Мустафа очень смутился, услышавъ такія слова имама. Онъ даже не совсѣмъ ясно понималъ, что тотъ ему говорилъ. Ясно было Мустафѣ только одно, что до правды дойдешь не скоро, и чтобы до нея дойти, нужно перетерпѣть всякія мытарства. Стоялъ онъ передъ имамомъ и ежился. Тотъ посмотрѣлъ, посмотрѣлъ на Мустафу, опять прищурилъ свои глазки и сказалъ:
— Вотъ тебѣ еще мои совѣтъ на прощанье. Помни, мой сынъ, что весь міръ — лѣстница, а въ этой лѣстницѣ много, много ступенекъ. Каждому человѣку еще отъ Аллаха положено на какой ступенькѣ ему жить и прозябать. На каждой ступенькѣ есть свои люди, а для каждой ступеньки своя правда. А надъ всѣми этими правдами есть еще правда. Коли ты хочешь до нея дойти, непремѣнно начинай отъ ступенекъ низшихъ, а ползи къ высшимъ. Инымъ способомъ до правды ты никогда не дойдешь. Еще разъ, да будетъ на тебѣ благословеніе Аллаха.
Имамъ повернулся и пошелъ отъ Мустафы. А тотъ стоялъ, какъ оглашенный, посреди площади и понималъ слова имама еще меньше, чѣмъ прежде. Идти куда то надо, а куда идти неизвѣстно. Правда гдѣ то есть, а на самомъ дѣлѣ выходитъ, что это не одна правда, а много разныхъ правдъ, а самая что ни на есть настоящая находится гдѣ то далеко и высоко, да еще за многими стражами. Весь вѣкъ жилъ Мустафа ни о чемъ не думая и думать не умѣя, а тутъ вдругъ пришлось ему голову ломать, да еще о чемъ? Все перемѣшалось въ его головѣ. Онъ словно уперся о какую то стѣну, стучитъ, долбитъ объ нее своей головой, и отъ этого только больше взбалтываетъ свои мысли.

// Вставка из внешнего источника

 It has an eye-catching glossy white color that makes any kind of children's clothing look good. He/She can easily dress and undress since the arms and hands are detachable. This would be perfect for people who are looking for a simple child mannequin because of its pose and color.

— Приходятъ послѣднія времена, подумалъ Мустафа.
Ему казалось въ это время, что онъ въ родѣ какъ листокъ, оторвавщийся отъ вѣтки: сидѣлъ листокъ на деревѣ и дѣлалъ свое настоящее дѣло. А оторвался листокъ отъ вѣтки и вышелъ изъ него только мусоръ одинъ. «Я мусоръ, я мѵсоръ»,— думалъ Мустафа горькую думу. И так было тяжело; онъ чуть было не позабылъ, что уже давно страшно голоденъ.
— Был червякомъ, а тутъ сталъ еще меньше червяка. Жилъ, копаясь в навозѣ, а тут самъ сталъ вродѣ какъ навозомъ. Все ни къ чему и самъ ни къ чему.

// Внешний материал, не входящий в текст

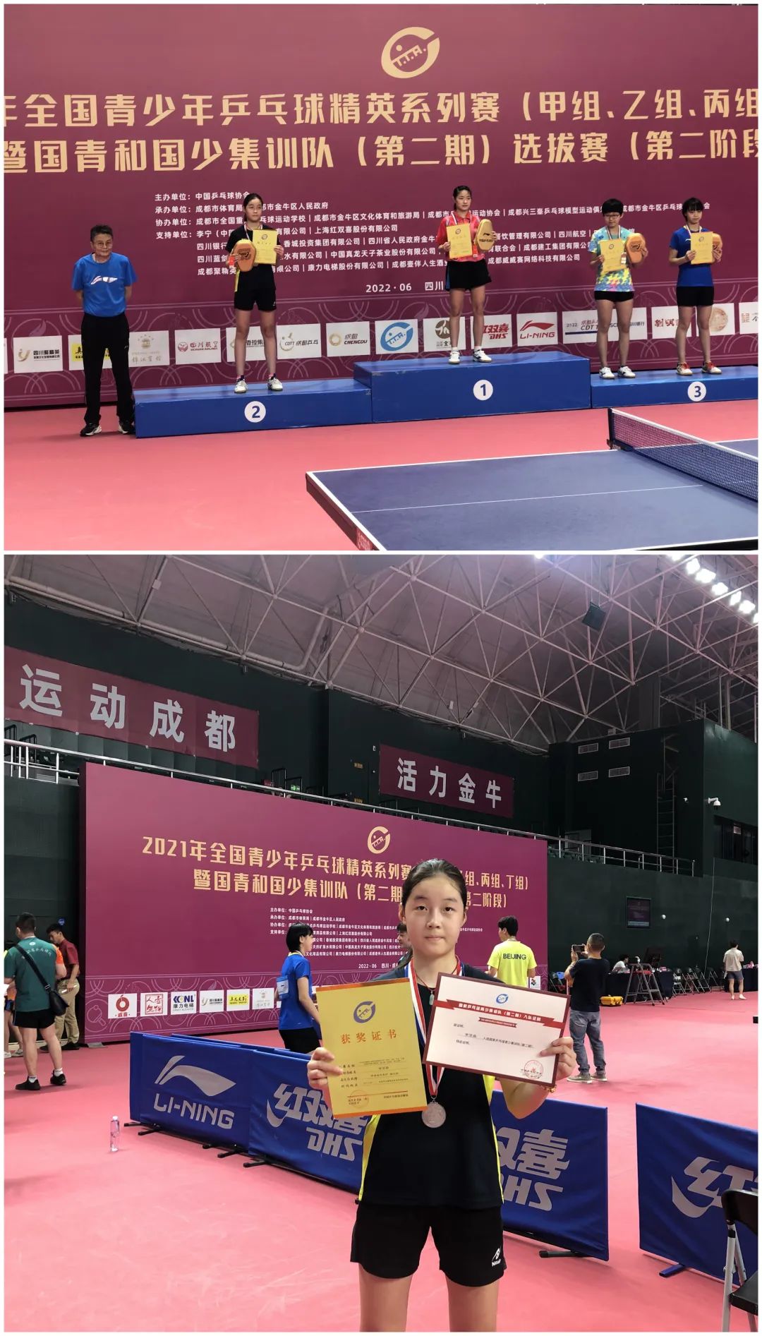 中乒院少年班女队运动员常凌菲在本次选拔赛中发挥出色,一路披荆斩棘夺得丙组第二名的好成绩,获得进入第二期国青国少集训队的名额。

Мустафа махнулъ рукой и, не зная, какъ утолить голодъ, пошелъ просить милостыню.
На другой день рано утромъ вышелъ Мустафа за городъ. Сѣлъ онъ тамъ подъ тѣнистое дерево, на берегу рѣчки, и принялся думать горькую думу. Что ему теперь съ собой дѣлать? Съ одной стороны, и правду нужно искать, а, съ другой стороны, и ѣсть хочется. И то трудно, и это трудно, а что труднѣе неизвѣстно. Въ душѣ у Мустафы свердитъ и свердитъ, и больше всего объ одномъ и томъ же.
— Статочное ли дѣло, что человѣка за куриную вину наказываютъ? — думаетъ Мустафа.
И не даетъ ему этотъ вопросъ покоя.
— А статочное ли дѣло, чтобы на старости лѣтъ милостыню просить?
Этотъ вопросъ какъ будто еще больше тревожитъ сердце Мустафы.
— За хлѣбомъ гнаться, надо какое нибудь мѣсто взять, потому что даромъ хлѣбъ не дается. А мѣсто взять,— значитъ, на правду нужно рукой махнуть. И такъ, и этакъ нехорошо.
Сидѣлъ Мустафа подъ деревомъ и все думалъ и думалъ и ровно ничего выдумать не могъ. А вокругъ него разстилались виноградники, рощи и поля. Вдали бѣлѣли дома и мечети города. По небу длинными вереницами неслись бѣлыя пушистыя тучки. Солнце свѣтило такъ весело-весело. День былъ ясный хорошій. Воздухъ былъ пропитанъ ароматомъ цвѣтущаго винограда. Свѣжій вѣтерокъ навѣвалъ прохладу. Вся природа вокругъ цвѣла, благоухала и словно улыбалась. А Мустафа сидѣлъ подъ деревомъ пригорюнившись, и никакія думы не лѣзли ему въ голову. Вмѣсто думъ была какая-то каша.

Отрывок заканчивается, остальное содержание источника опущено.